Animal and Winter Weather Damage

Rabbit photoThis brutal winter was especially hard on landscape plants.

Many of the evergreens have a distinct “everbrown” color. The browning out is winter burn caused by dehydration. The effected needles will not recover, however regrowth may occur from buds further back on the stem. The best course of action is to take a “wait and see” approach. Look at the shrub and see if there any new buds forming and determine if there are enough to save the shrub. If the shrub is worth saving, be patient, it may take several years for it to recover. Once the regrowth is identified, remove the dead tips of the branches.

Winter burn is best avoided by taking preventative measures.

Evergreen trees and bushes will lose moisture all winter when the temperatures warm to 40°; however they cannot replace that moisture when the ground is frozen. This can occur especially if the specimen is planted on a southern or western side of a home where reflected heat warms the air more. Therefore, it is very important that they go into the winter well watered. Thoroughly watering evergreens (one inch per week) in November, before the ground freezes will help ease any winter burn. 

Excessive wind can also contribute to winter burn.

To prevent dehydration for plants in a location that receives high winds, tall stakes can be driven along the evergreens and burlap “tents” can be wrapped around them to protect them. 

Winter salt accumulation

Another contributor to winter burn is salt accumulation in the soil from de-icing compounds. If a salt spray is used, tents can protect the evergreens. If salt is being spread on sidewalks, avoid using pure sodium chloride. Instead mix it with an abrasive material such as sand, kitty litter, or another de-icing compound with less sodium.

Food sources for animals were scarce this winter.

Damage is evident in many landscapes. To determine if damage is caused by either rabbits or deer, look at the remaining plant. Deer browsing will leave a jagged or torn edge on the plant. Rabbits and rodents, however, will leave a clean, crisp cut almost as if they used a good sharp set of pruners. 
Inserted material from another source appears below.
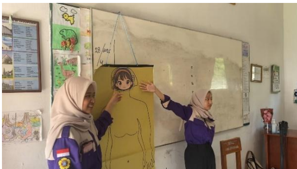
Gambar 1. Penyampaian Materi ‘Aku dan Tubuhku’

Kegiatan pengabdian kepada masyarakat berupa edukasi terkait kesehatan reproduksi bagi penyandang disabilitas dengan tema “Aku dan Tubuhku” dilaksanakan pada hari Selasa, 29 April 2025 di SLB C YPAC Palembang. Kegiatan ini bertujuan untuk meningkatkan pemahaman dasar anak penyandang disabilitas intelektual mengenai batasan fisik dan bagian tubuh mana saja yang boleh dan tidak boleh disentuh oleh orang lain. Sasaran kegiatan ini adalah siswa kelas VI yang berjumlah lima orang, terdiri dari tiga laki-laki dan dua perempuan dengan latar belakang disabilitas tunagrahita, autisme, dan Attention deficit hyperactivity disorder (ADHD).

Some plants are considered to be unfavorable to deer and rabbits, but remember that if food sources are low, they will eat almost anything. Native plants that are resistant to animal browsing will generally have fragrant leaves, tough or hairy leaves, or milky sap. Aromatic herbs like chives, garlic, lavender, and sage are generally avoided. Daffodils, chrysanthemums, oriental poppies, and annual zinnias, sunflowers, and marigolds can fair well. Bottle brush, barberry, lilac, and potentilla are considered deer resistant. For a complete list of plants not favored by deer, see: http://learningstore.uwex.edu/Assets/pdfs/A3727.pdf

Rabbits can destroy a vegetable garden in a hurry. Fencing is the best method for preventing disaster. A few crops, especially those with fuzzy leaves, tend to have little rabbit damage. Those include squash, cucumbers, tomatoes, potatoes, and peppers. Rabbits tend to eat the tender young shoots of plants. Young trees are more susceptible, but once rough bark is established the tree is safe. Therefore, protect young trees with bark wrap until they have developed enough rough bark to stand on their own.

Now that spring is on the horizon, planning for the summer garden and future landscapes can take place with goal of minimizing damage.